-- How to complete this task --
A faithful copy of the listing below is needed, with its pictures left out.

-- Data segment --
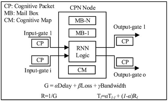 The CPN was introduced by Gelenbe et al. [33,34,35,36,37]; it has been tested in large-scale networks up to 100 nodes with worst and best case performance scenarios. The CPN assigns routing and flow control capabilities to the packets rather than the nodes (Figure 2). QoS goals are assigned to Cognitive Packets (CP) within the CPN, which they follow when making routing decisions themselves with minimum dependence on the nodes. Cognitive Packets learn from experience of other CP packets with whom they interchange network information using n Mailboxes (MB) and their own inspection about the network storing network information in their Cognitive Map (CM).
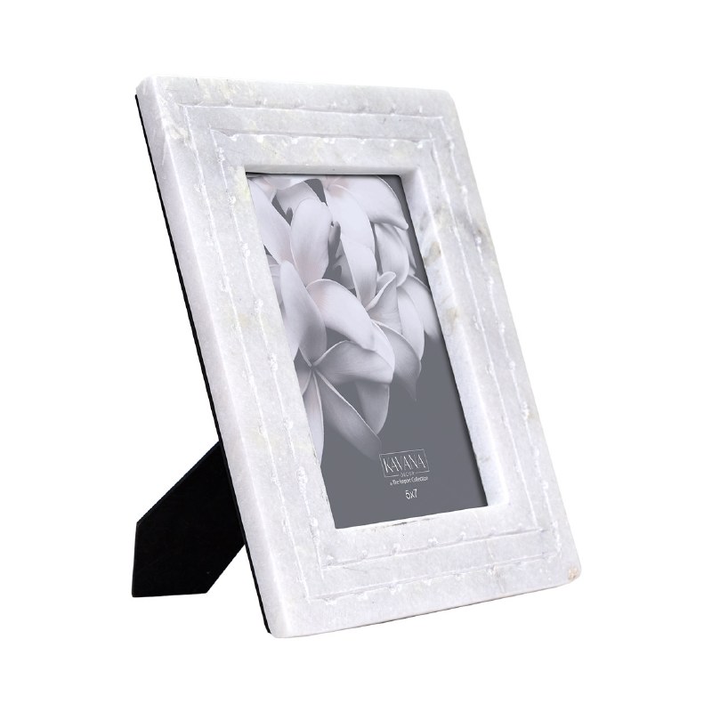 Add a refined accent to your decor with the Kaeden Frame 5x7, a beautifully crafted photo frame made from luxurious white marble with subtle gray veining. Measuring 8.5L x 0.5W x 10.5H, this frame is designed to hold a 5x7 image and features a minimalist etched rectangle pattern around the inner border, adding depth and sophistication without overwhelming your display. Its crisp white tone and cool gray variations make it a versatile piece that complements a wide range of interiors, from contemporary to classic. The sturdy easel back offers flexibility for vertical or horizontal display on desks, mantels, or shelving. Perfect for showcasing cherished moments or enhancing upscale decorative arrangements, the Kaeden Frame 5x7 is ideal for retailers, designers, and hospitality buyers seeking high-end wholesale photo frames that deliver both beauty and quality.
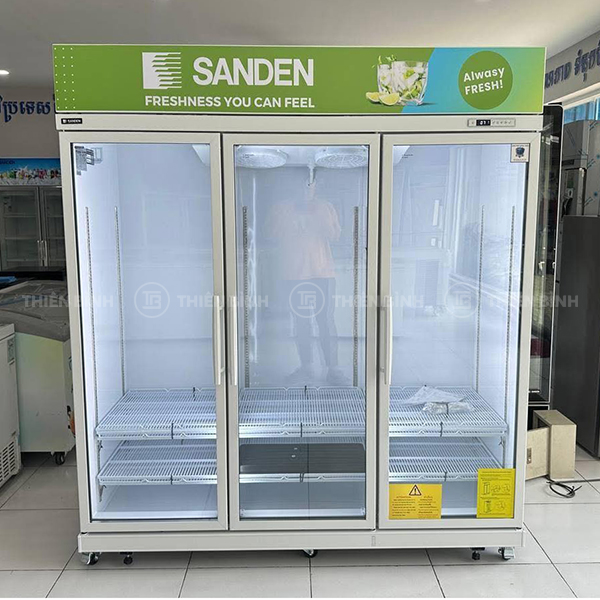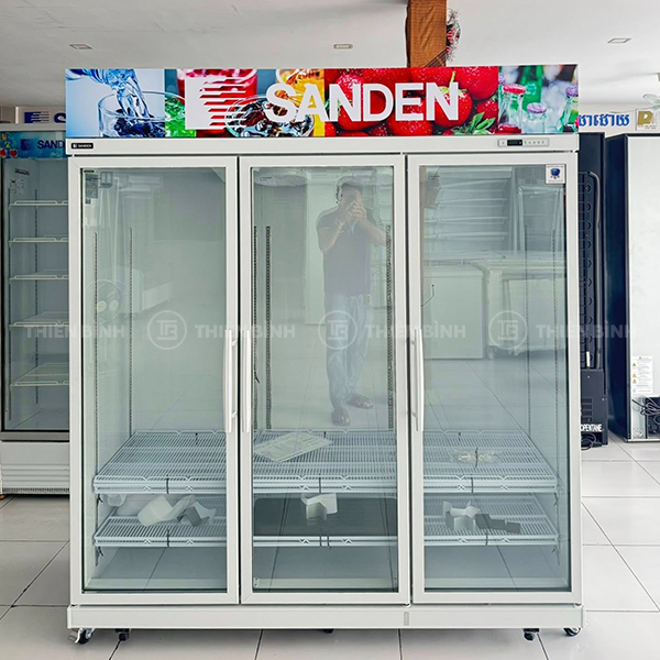 Hình ảnh thực tế của tủ mát 3 cánh kính Sanden SPM-1800C
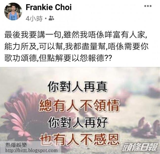 提到傳她破產後即被蔡國威「迫遷」,兩人友情一刀兩斷,她鐵證有此事:「其實呢兩年嚟,佢一路以我名聲,不停約啲記者去做訪問,喺TVB度搲撈,所以佢會出千字文、萬字文,我一啲都唔出奇,呢啲可以睇到佢係乜嘢嘅人。我破產之後,佢當晚問我幾時搬走?而嗰個星期我搵樓期間好唔開心,好難受!每日要睇嘅面色,真係好難受,所以我冇心情,只係客客氣氣去包容佢...真係睇清楚呢個人囉!」她重申「我係喺佢屋企住咗兩年,但我冇白食白住,所有嘢做足㗎!呢兩年嚟記者偷拍、做新聞,全部由佢操控...呢兩年佢都幾好呀!有幾多新聞呀!其實由佢當初話我食佢、住佢、靠佢,佢又突然間改口風,話我有畀錢!」

-- Completed task --
 The CPN was introduced by Gelenbe et al. [33,34,35,36,37]; it has been tested in large-scale networks up to 100 nodes with worst and best case performance scenarios. The CPN assigns routing and flow control capabilities to the packets rather than the nodes (Figure 2). QoS goals are assigned to Cognitive Packets (CP) within the CPN, which they follow when making routing decisions themselves with minimum dependence on the nodes. Cognitive Packets learn from experience of other CP packets with whom they interchange network information using n Mailboxes (MB) and their own inspection about the network storing network information in their Cognitive Map (CM).
 Add a refined accent to your decor with the Kaeden Frame 5x7, a beautifully crafted photo frame made from luxurious white marble with subtle gray veining. Measuring 8.5L x 0.5W x 10.5H, this frame is designed to hold a 5x7 image and features a minimalist etched rectangle pattern around the inner border, adding depth and sophistication without overwhelming your display. Its crisp white tone and cool gray variations make it a versatile piece that complements a wide range of interiors, from contemporary to classic. The sturdy easel back offers flexibility for vertical or horizontal display on desks, mantels, or shelving. Perfect for showcasing cherished moments or enhancing upscale decorative arrangements, the Kaeden Frame 5x7 is ideal for retailers, designers, and hospitality buyers seeking high-end wholesale photo frames that deliver both beauty and quality.
 Hình ảnh thực tế của tủ mát 3 cánh kính Sanden SPM-1800C
 提到傳她破產後即被蔡國威「迫遷」,兩人友情一刀兩斷,她鐵證有此事:「其實呢兩年嚟,佢一路以我名聲,不停約啲記者去做訪問,喺TVB度搲撈,所以佢會出千字文、萬字文,我一啲都唔出奇,呢啲可以睇到佢係乜嘢嘅人。我破產之後,佢當晚問我幾時搬走?而嗰個星期我搵樓期間好唔開心,好難受!每日要睇嘅面色,真係好難受,所以我冇心情,只係客客氣氣去包容佢...真係睇清楚呢個人囉!」她重申「我係喺佢屋企住咗兩年,但我冇白食白住,所有嘢做足㗎!呢兩年嚟記者偷拍、做新聞,全部由佢操控...呢兩年佢都幾好呀!有幾多新聞呀!其實由佢當初話我食佢、住佢、靠佢,佢又突然間改口風,話我有畀錢!」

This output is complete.